Waspadai ibu jari jangan masuk kedalam lingkaran dalam roda kemudi karena dapat berpotensi terkena cedera akibat umpan balik setir akibat ban terantuk dengan batu, trotoar atau benda yang tak terduga.

Teknik Pengereman

Pengereman merupakan tindakan pencegahan terhadap benturan. Lakukan dengan cara yang benar. Ada beberapa teknik pengereman yang dikenal, yaitu Normal Braking (ease and squeeze), Threshold dan Pulse.

Bila kendaraan sudah dilengkapi ABS, Anda tinggal tekan pedal rem sekeras mungkin tanpa takut ban mengunci, mobilpun masih bisa dikendalikan.

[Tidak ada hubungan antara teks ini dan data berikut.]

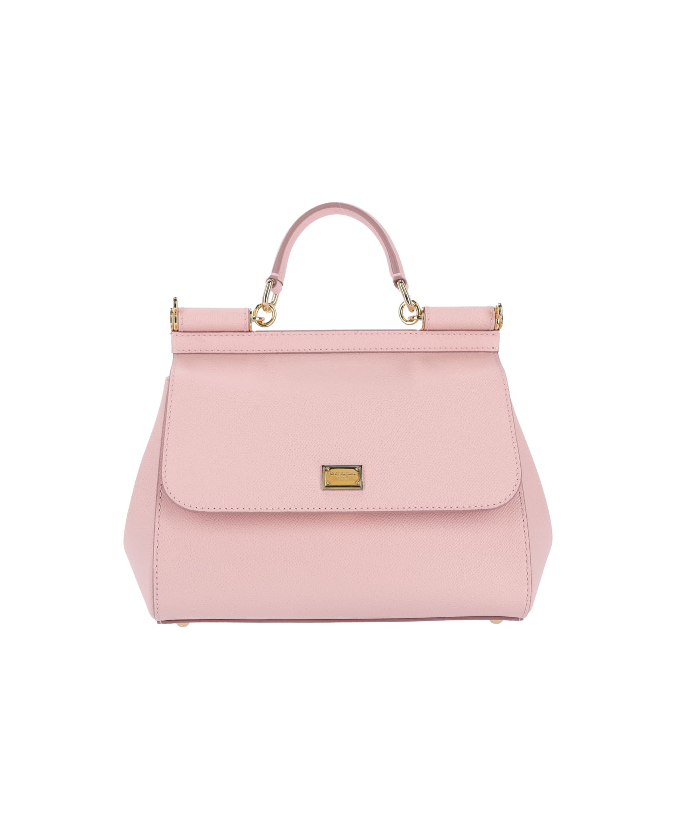 Dolce & Gabbana 'Sicily' large handbag in pink calf leather with top handle, adjustable and removable shoulder strap, magnetic closure, gold metal logo hardware on the front, inner zip pocket, main entire compartment.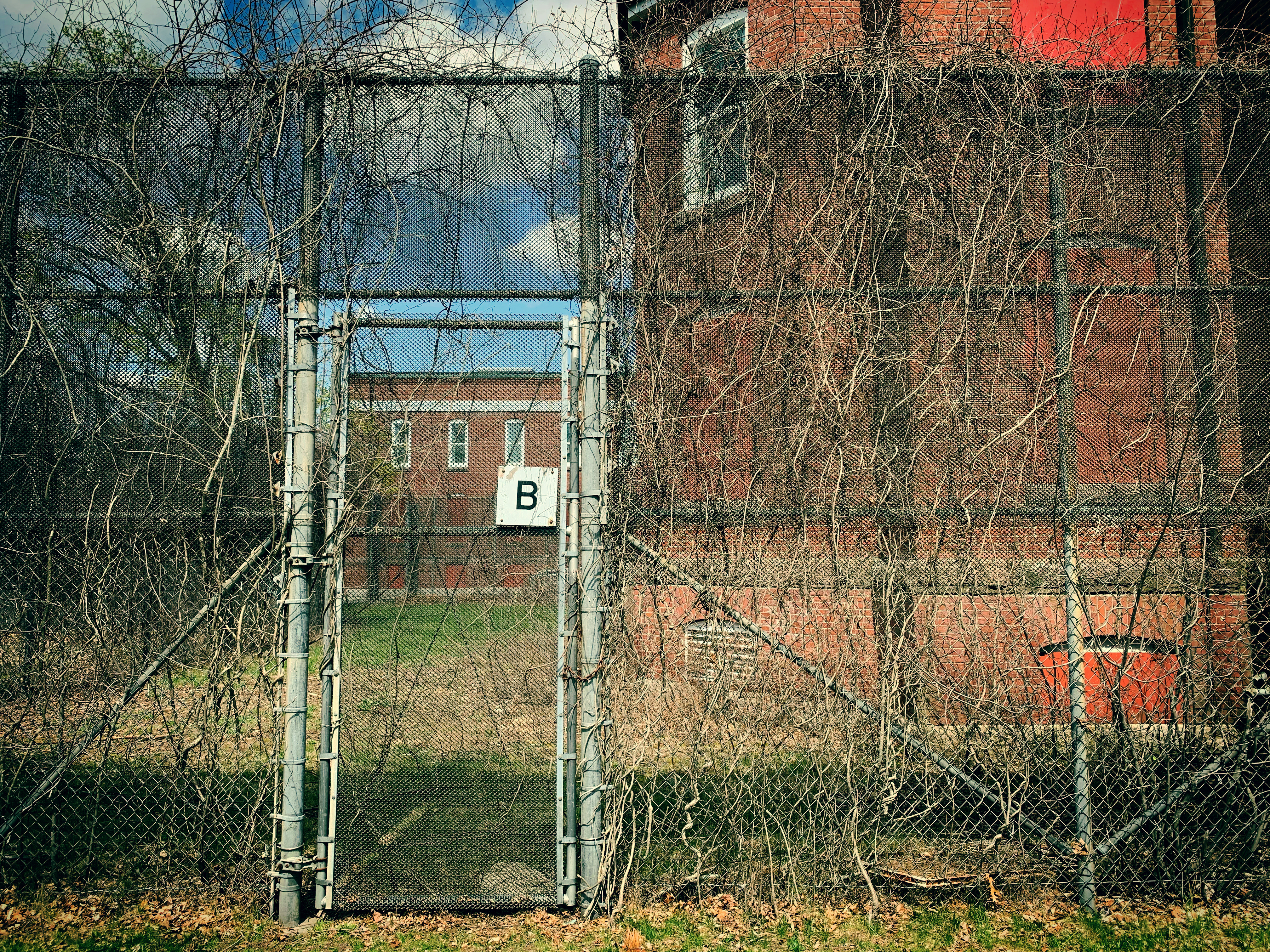 The eerie atmosphere of this place was felt during the entire visit, but never so much as towards the Northern part of the property where we discovered extremely tall, fenced-in areas. This appeared to be an area for patients of the “exited wards” who were not allowed to roam the grounds freely. There were old rotting benches and non-working electrical alarms at the gate entrances.

Bila tak dilengkapi ABS, lakukan teknik Threshold, dimana Anda menginjak pedal sekeras mungkin tapi jangan sampai roda mengunci. Jika ban mengunci, kurangi injakan rem. Ingat, selalu jaga kekuatan injakan di titik kritis. Dengan teknik Pulse, buatlah pulsa injakan rem dengan cara menendang keras pedal berulang kali sampai mobil berhenti. Semakin cepat dan kuat tendangan, makin cepat pula kendaraan berhenti. Cara ini efektif di jalan yang licin.

Perlu diperhatikan pula kondisi jalan saat melakukan pengereman. Jalan licin, jalan tanah atau jalan rusak, maupun jalan dengan polisi tidur membutuhkan teknik dan kemampuan pengereman yang sesuai. Satu hal lagi, pengereman akan optimal bila Anda tidak panik.